Engaging Babies and Kids

Is there a time for youth engagement? Recently I was leading a workshop when a parent asked me that question. I answered by explaining that engagement happens from the youngest years and onward. Here are some of my thoughts.

 


Youth engagement happens during infancy. Parents who deliberately respond to their infants’ needs in holistic ways lay the foundation for lifelong engagement. Respecting young babies can mean encouraging their “personhood” – that is, being as attentive, courteous, and deliberate about them as you are with older people. Experts suggest close physical time between parents and children creates the strong personal attachment that can lead to strong community bonds. A father who nurtures his baby, rather than avoiding or “handing off” responsibilities, supports strong engagement. Developing a strong sense of community is important at this phase as well. When small children are surrounded by caring adults they learn that their responsibility is to care.

When an infant “goo-goos” at you, listen to them. They will learn that when they speak, their voice has impact. Listening to a child’s voice is the first step of the Cycle of Youth Engagement. It is also important to give young infants your undivided attention for at least short periods of your day. This shows young children that their presence and activity is important enough for you to stop your day and be with them.

 


Youth engagement happens during childhood. Investing in children can mean building their skills and giving the time, resources, and space needed in order to share responsibility with them. However, it also means developing the skills and investments adults need to succeed, as well. Communicating with toddlers and children means talking with them, not at them. That’s a skill that adults usually have to learn, starting with unlearning their previous behaviors. Acknowledging children’s voices can be important for self-worth. It can also help form a community expectation. As adults, engaging children requires us to change our behavior while we strive to mold the behavior of children. However, this is an essential developmental phase where children inform their sense of identity, purpose, and belonging within their larger village. Part of this expectation is to turn a popular idiom on its head: Instead of, “It takes a village to raise a child,” think about what it means to say, “It takes a child to raise a village.” That’s what Youth engagement is about. 

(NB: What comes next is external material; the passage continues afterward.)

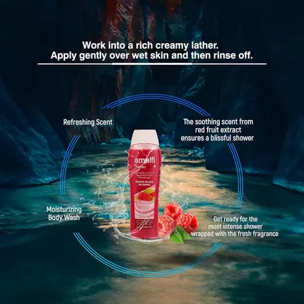 Wake up and start your day. By unleashing the foam with our new collection of shower gels to wake up fresh, we present the new Amalfi Red Fruits Shower Gel. Get ready for the most intense shower wrapped with the fresh fragrances. Watch the unique gel transform your shower experience leaving you fresh every day. Pour a drop of the fresh shower gel and gently lather with a pouf. Massage all over your body to let your lather revive your senses every day. The ingredients in Amalfi shower gel gives you a thick lather which lends a sense of freshness after every shower and makes bathing an enjoyable experience. Amalfi shower gel gives you a fragrance which not only lasts the whole day long but also keeps your skin healthy, it ensures that your skin gets the best care and stays fresh after every wash. How to use Amalfi Shower Gel: Squeeze a small amount of shower gel on wet hands. Work into a rich creamy lather. Apply gently over wet skin and then rinse off.

When children go through hard times, they usually figure out how to “deal with it.” This ability, called resilience, is a powerful skill. However, children need to learn how to use it positively. Design Youth engagement activities to teach children how to rely on community as a collective benefit that can help them. That will build up the positive power of young people to change not just their own lives, but the communities around them.

What do you think about engaging babies and children?